Postby chiggerbit » Wed Jan 20, 2010 2:56 pm

Wiki on the Cayman Trench:

http://en.wikipedia.org/wiki/Cayman_Trough

Image

Cayman Trough
From Wikipedia, the free encyclopedia

Coordinates: 18°30′N 83°0′W

Satellite image of the Cayman Trough.

The Cayman Trough, or Cayman Trench, also called Bartlett Deep, or Bartlett Trough, is a complex transform fault zone pull apart basin which contains a small spreading ridge on the floor of the western Caribbean Sea between Jamaica and the Cayman Islands.[1] It forms part of the tectonic boundary between the North American Plate and the Caribbean Plate. It extends from the Windward Passage, going south of the Sierra Maestra Cuba toward Guatemala. The transform continues onshore as the Motagua Fault which cuts across Guatemala and back offshore under the Pacific Ocean where it intersects the Middle America Trench subduction zone. The relatively narrow trough trends east-northeast to west-southwest and has a maximum depth of 7,686 meters (25,216 ft); it is the deepest point in the Caribbean Sea.

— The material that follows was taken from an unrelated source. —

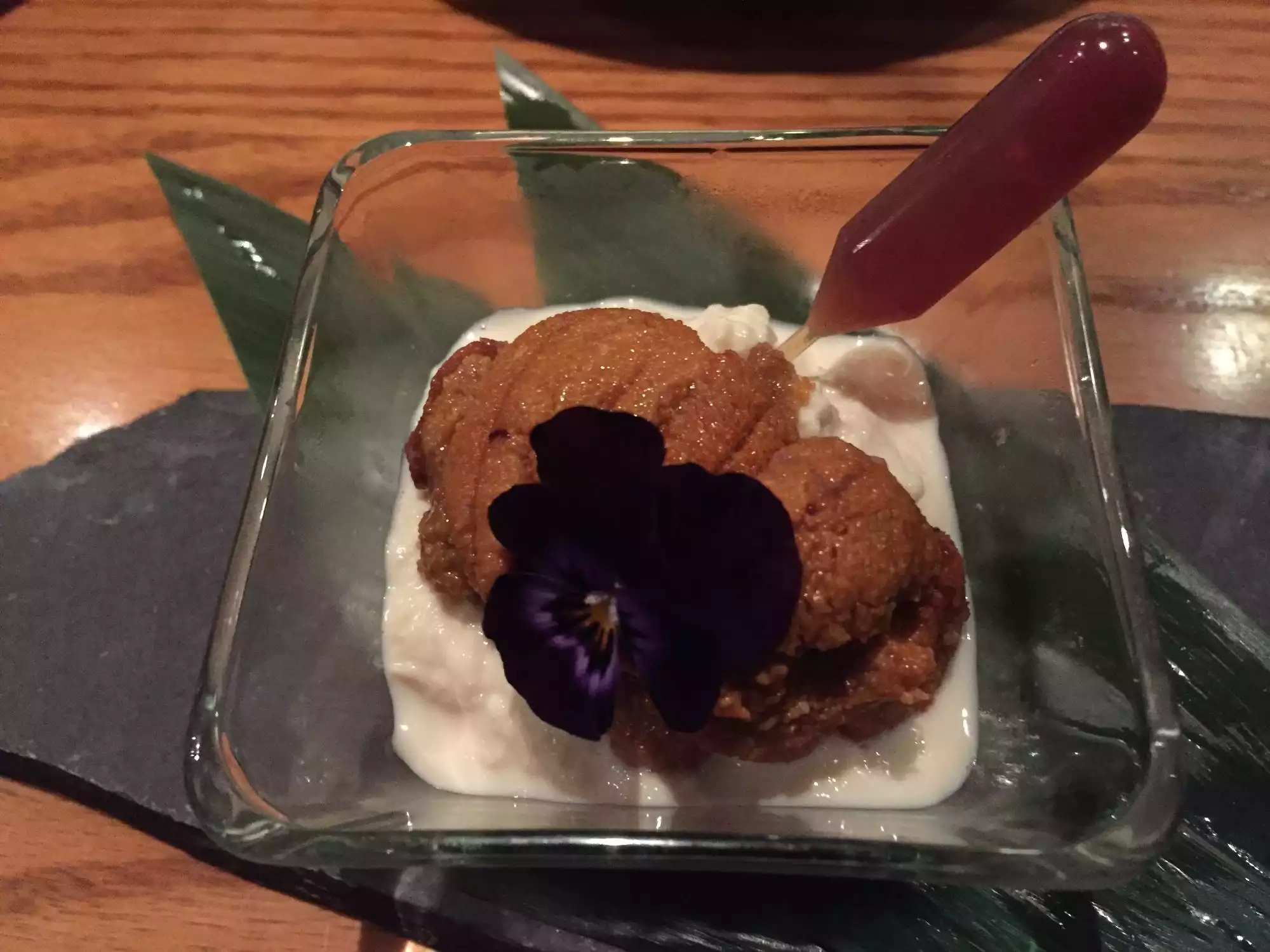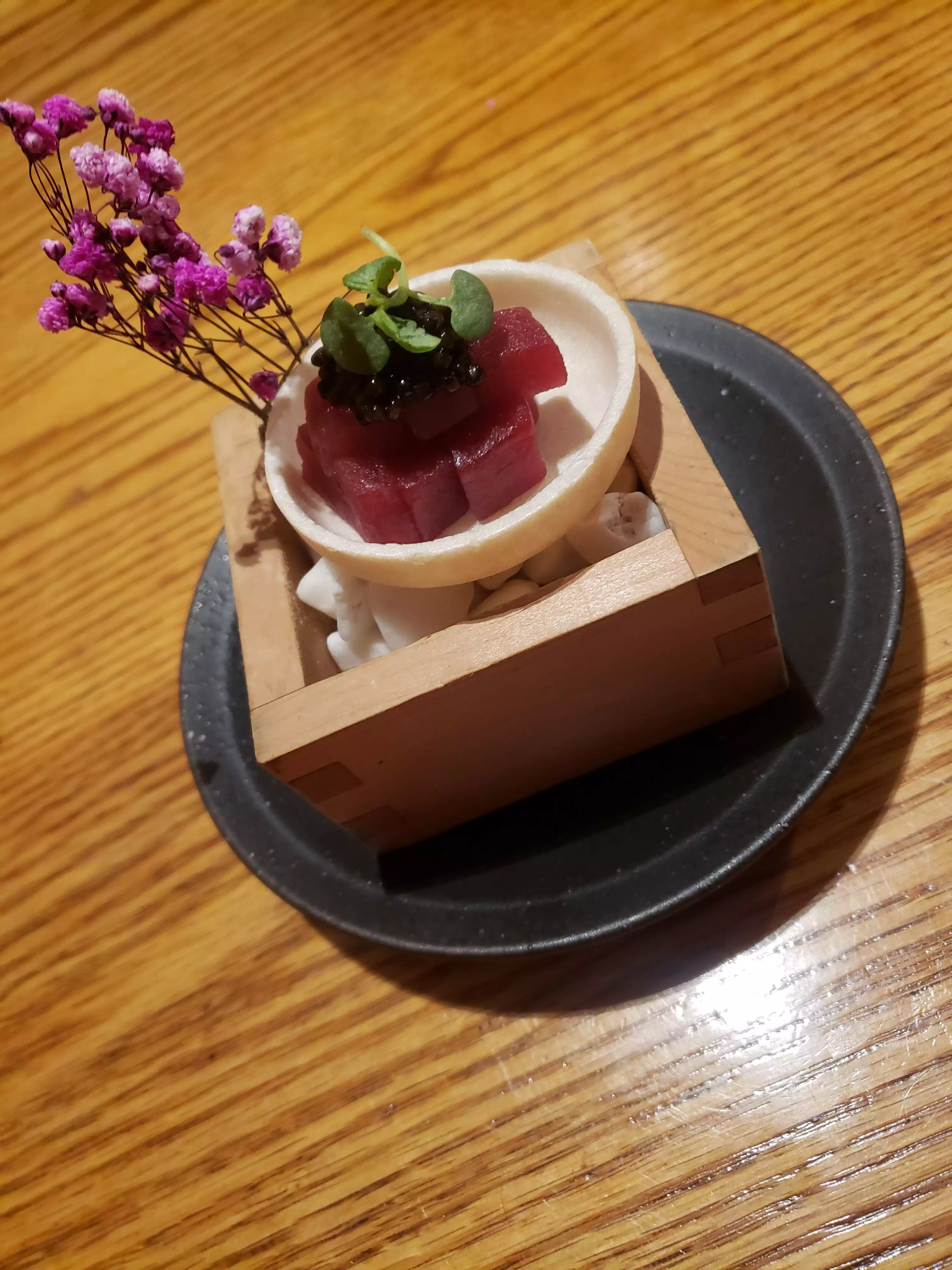 *3.5 stars* Came here for a date and overall had a great time and experience. Everything was so cutesy, creative, and unique, from the interior design to the dishes. The service was impeccable and friendly. Fried Oyster- 5/5 This was delicious! They cut it up 1 oyster into 4 pieces so it was easy to eat. Topping and sauce was delicious. Freshly Made Scooped Tofu ($11)-3.5/5 Fresh made tofu, definitely something I haven't tried, albeit I'm not a huge fan of tofu. They have an option of warm or cold, and we went with the warm one and added the wari-joyu and it tasted pretty good. I suggest adding more of this because it really enhances the flavor. Saikyo Miso Black Cod ($26)- 3.5/5 Two big portions of black cod, nicely cooked. However, it tasted just as good as any other Japanese restaurant I've been to. Mushroom and Crab Clay Pot ($40) 3.5/5 Comes out in a big clay pot, and rice is well seasoned with mushroom and snow crab. Overall quite tasty and portions are good enough for 2-3 people. Chu Toro Spicy okaka ($21)- 4.5/5 Yummy tuna sushi roll, although it seems and looks very basic. It had this crispyness to it, which was delicious. We ordered 2 rolls of this, and I still couldn't get enough. Raw Tuna & Avocado Salad ($22)- 3/5 The tuna to this had a quite strong fishy smell/taste to it, but it was bareable. En House Ice Cream ($10)- We got earl grey tea, fig, and fuji apple sorbet. The fuji apple sorbet was amazing, and the fig was unique.
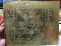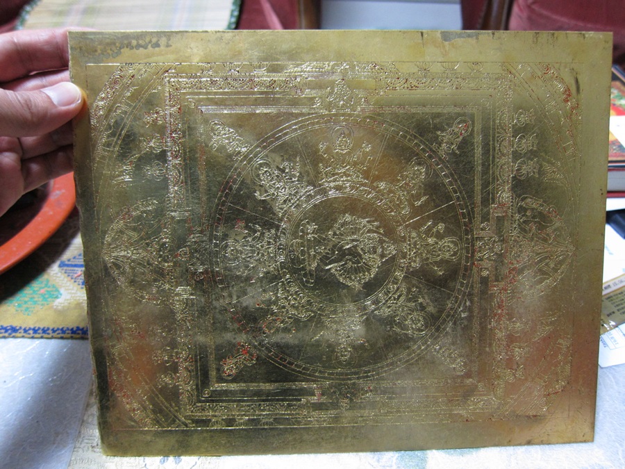 商品No:T-47 金属板金箔曼荼羅 サイズ:25.5cm×21cm 時代:不明 価格:88,000円 制作年代は不明ですが、金属の板に細かく曼荼羅が彫られ表面に金箔が施されています。 |

Within the trough is a slowly spreading north-south ridge which may be the result of an offset or gap of approximately 420 kilometers (260 mi) along the main fault trace.

During the Eocene the trough was the site of a subduction zone which formed the volcanic arc of the Cayman Ridge and the Sierra Maestra volcanic terrain of Cuba to the north as the northeastward moving Caribbean Plate was subducted beneath the southwest-moving North American Plate, or as some researchers contend, beneath a plate fragment dubbed the East Cuban Microplate.[2]

As of 2008 the Cayman Trough has not been explored; a UK team from the National Oceanography Centre in Southampton (NOCS) equipped with an autonomously controlled, robot submarine, are set to begin mapping the full extent of the trench and finding the volcanic vents on the ocean floor.[3]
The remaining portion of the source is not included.